Wednesday, November 22, 2006

Poem for Wednesday


Blue
By May Swenson


Blue, but you are Rose, too,
and buttermilk, but with blood
dots showing through.
A little salty your white
nape boy-wide. Glinting hairs
shoot back of your ears' Rose
that tongues like to feel
the maze of, slip into the funnel,
tell a thunder-whisper to.
When I kiss, your eyes' straight
lashes down crisp go like doll's
blond straws. Glazed iris Roses,
your lids unclose to Blue-ringed
targets, their dark sheen-spokes
almost green. I sink in Blue-
black Rose-heart holes until you
blink. Pink lips, the serrate
folds taste smooth, and Rosehip-
round, the center bud I suck.
I milknip your two Blue-skeined
blown Rose beauties, too, to sniff
their berries' blood, up stiff
pink tips. You're white in
patches, only mostly Rose,
buckskin and saltly, speckled
like a sky. I love your spots,
your white neck, Rose, your hair's
wild straw splash, silk spools
for your ears. But where white
spouts out, spills on your brow
to clear eyepools, wheel shafts
of light, Rose, you are Blue.

--------


My father or my younger son's friend has chosen generously to share his cold with me, so I spent the day being stuffed up and cranky, and it's the wrong time of the month to begin with so I stayed home and drank lots of tea. Reviewed Star Trek: The Animated Series, not in great detail because we're planning to run reviews of each episode after finishing the original series, though since the episodes are short it'll probably be in clusters rather than each one getting its own review. I also tried turning on the entertainment shows to see the alleged Order of the Phoenix specials, but kept running into Tom & Katie and having to change the channel before I got an upset stomach on top of the head cold.

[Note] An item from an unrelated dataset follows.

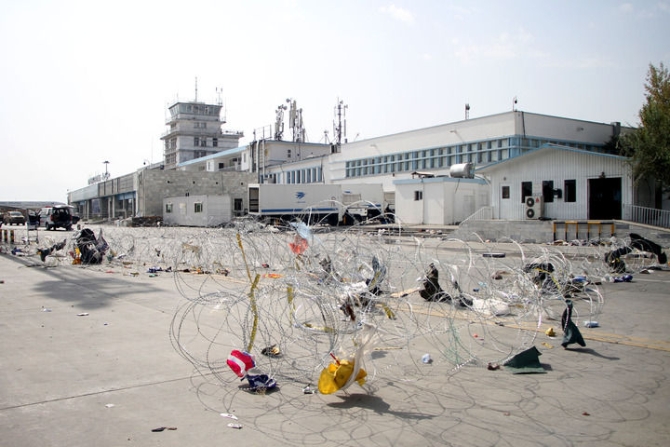 8月31日在阿富汗喀布尔机场拍摄的防护网。美国中央司令部司令肯尼思·麦肯齐8月30日宣布,美军已完成从阿富汗撤出的任务,美国在阿富汗近20年的军事行动正式结束。新华社发(塞夫拉赫曼·萨菲摄)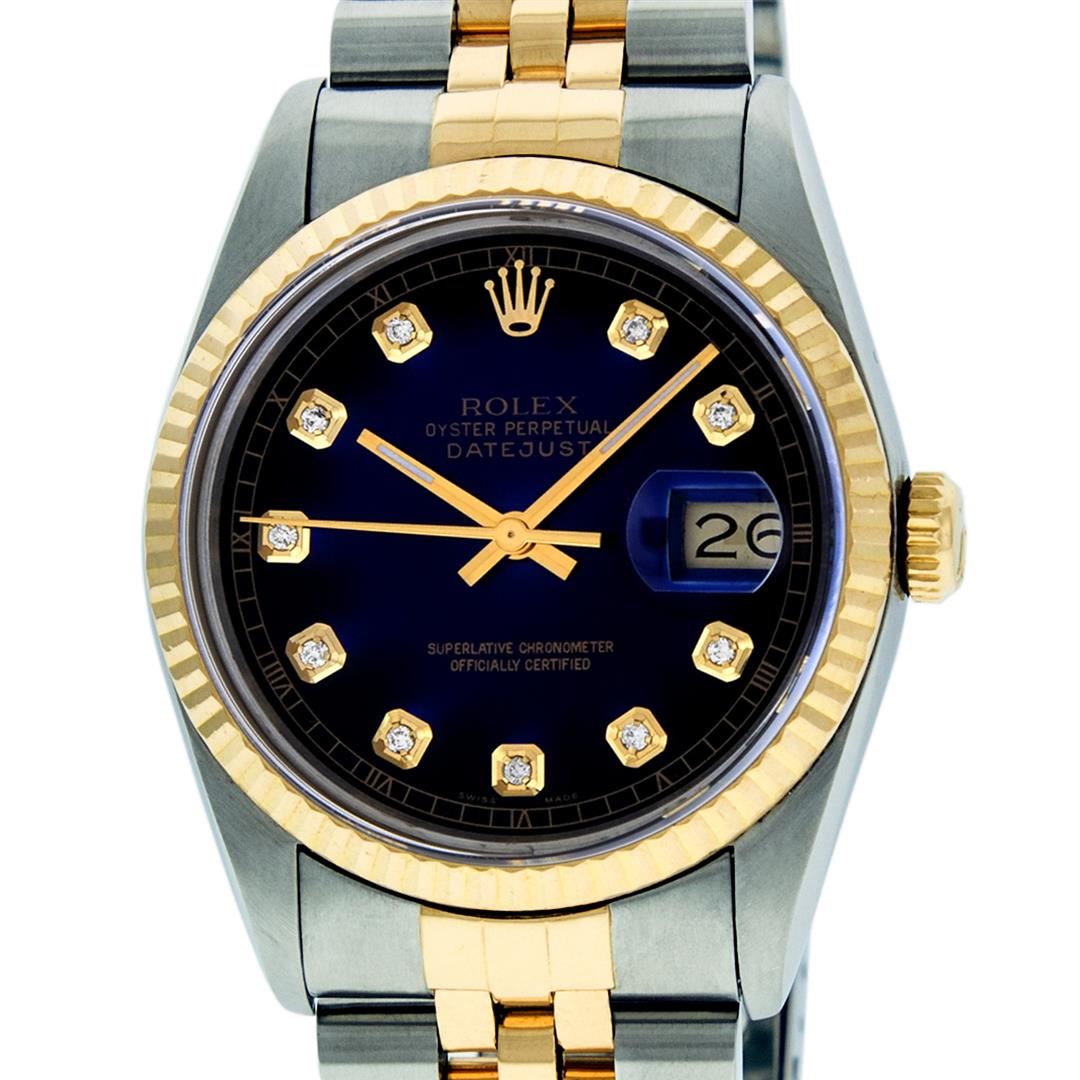 One Men's 14K Yellow Gold Two Tone Rolex Datejust Polished, Serviced & Electronically Tested, 14K Yellow Gold & Stainless Steel Case: 36mm, 14K Yellow Gold Crown, Bezel: 18K Yellow Gold Fluted Bezel. Custom Crystal: New Acrylic Cyclops Lens. Custom Hands: New Luminescent Hands. Movement: Automatic Winding Movement Caliber 3035. Custom Dial: Blue Vignette Dial Set With Diamond Hour Markers And Square Roman Track, Diamond Count: 10 Diamonds in Dial G To H In Color, Si-VS Clarity. Date Window: 3 O'Clock Position Date Display, Quickset, Model: 16013 Condition: G-6 Extra Fine. Bracelet: Two Tone 14K Yellow Gold & Stainless Steel Jubilee. Bright Polish. 7.0 Inch Length, Adjustable. Standard Clasp, With Rolex Logo. This Watch Has Been Serviced And Polished It Is Free Of All Scratches And Dents.

I also had time to catch up on all the activist sites I avoided religiously in the days before the election and just afterward because of the endless demands for money, starting with Planned Parenthood, where I promptly discovered Bush's plan for family planning by refusal to allow same (because celibacy has worked so well, historically, right), so if you would rather not have an anti-birth control, anti-sex education activist overseeing family planning you might want to put in your token protest for all the good it will do -- I don't think anyone is listening. Also Wyoming wolves are in a crisis situation...see, this is the other reason I stop reading activist pages, I just make myself hysterical with all the things I can't really do much about. Ah well, told me about the shopping penguin on YouTube and even though I am flabbergasted that people can keep penguins as pets in Japan no matter how they encountered them, I am also amused.


Bonsai at the National Arboretum. This is a Japanese White Pine that has been trained since 1625.


This Thorny Elaeagnus has been trained since 1825.


A Japanese Maple, trained since 1906.


A California Juniper, trained since 1968.


A Chinese Elm whose dates were labeled unknown.


And a Buttonwood from the tropical collection...it was nearly 80 degrees in this room.


In the early evening, in honor of the date, we watched JFK on one of the Cinemax channels. Haven't seen it since it was first in the theaters and my general impressions remain the same: the ludicrous excesses are still ludicrous excesses and Costner's Southern accent is only a marginal improvement on his British accent, plus Sissy Spacek is wasted in her role and Gary Oldman, while brilliant as Oswald, doesn't get nearly enough screen time (they should have cast him in Don DeLillo's Libra). But it's worth it just to see the light it sheds on the Zapruder film and the Magic Bullet theory. Tuesday nights are just not the same when there is no Boston Legal. Have had assorted sports on, including football highlights and currently UCLA beating Kentucky, but please don't ask for details as I have not been paying attention. Sister and her family are coming tomorrow, Thanksgiving madness will start, I just want my sinuses to stop hurting!